Some U.N. Security Council members suggested the European Union should
lead the probe through its Rule of Law Mission in Kosovo (EULEX) which the
Kosovars support.
But Churkin said EULEX is not enough. "We do not understand the
intention of some colleagues in the Security Council to limit the
investigation by the EULEX framework which has never dealt with such
things before," he said.
The ambassador said the UN investigation team should "closely
cooperate" with all interested states, as well as the UN Mission in Kosovo
and the European Union Rule of Law Mission there.
"A thorough, non-politicized and independent investigation will meet
the interests of establishing the truth and reconciliation in the
province," Churkin said adding the international community has no right to
make another mistake in probing human organ trafficking reports in Kosovo.

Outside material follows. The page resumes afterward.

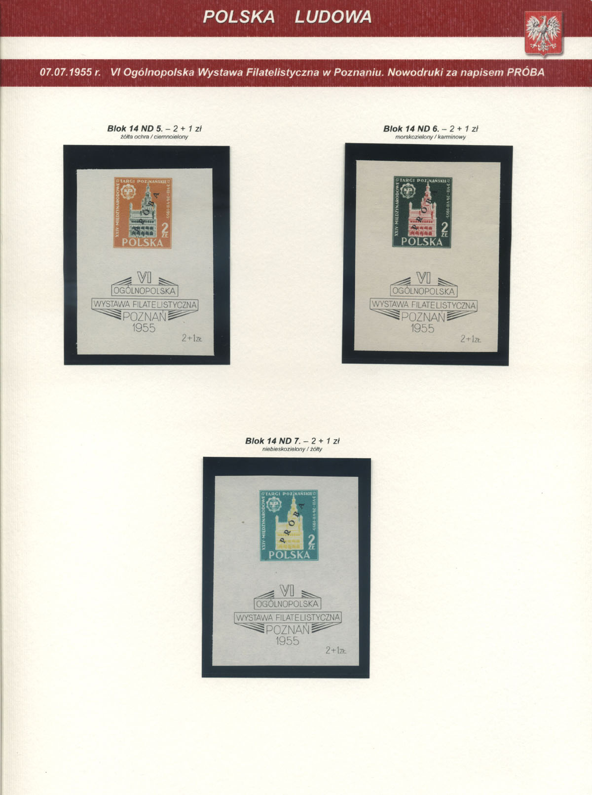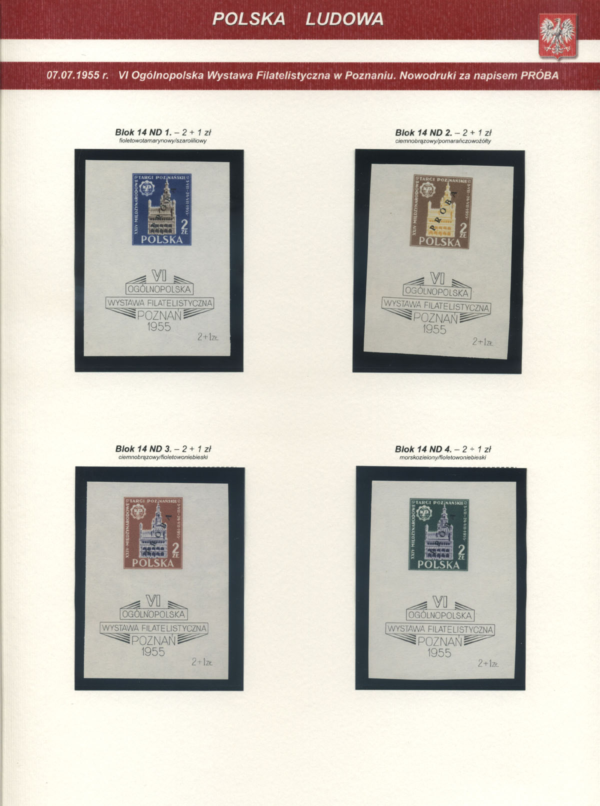 1955 komplet wszystkich znaczków ciętych wydanych z nadrukiem PRÓBA wraz z blokami na dekoracyjnych stronach albumowych, część znaczków bez gumy tak jak zostały wydane, doskonały stan - ładnie szeroko wycięte, wszystkie znaczki z gwarancją. | Fi.757-607P, bl.14P1-7 Mi.897-951P, Bl.15P |

"It has once overlooked the grave crime. We have no right to make
another mistake," the ambassador said.
The first human organ trafficking allegations were published in a
book by former chief prosecutor of International Criminal Tribunal for the
former Yugoslavia Carla Del Ponte in which she claimed that Kosovo
Albanians smuggled human kidneys of kidnapped Serbs after the Kosovo war
ended in 1999.
Carla Del Ponte concluded that if the case was opened before the
Kosovo Albanian declaration of independence, the international community
would have a different stance on the Kosovo question.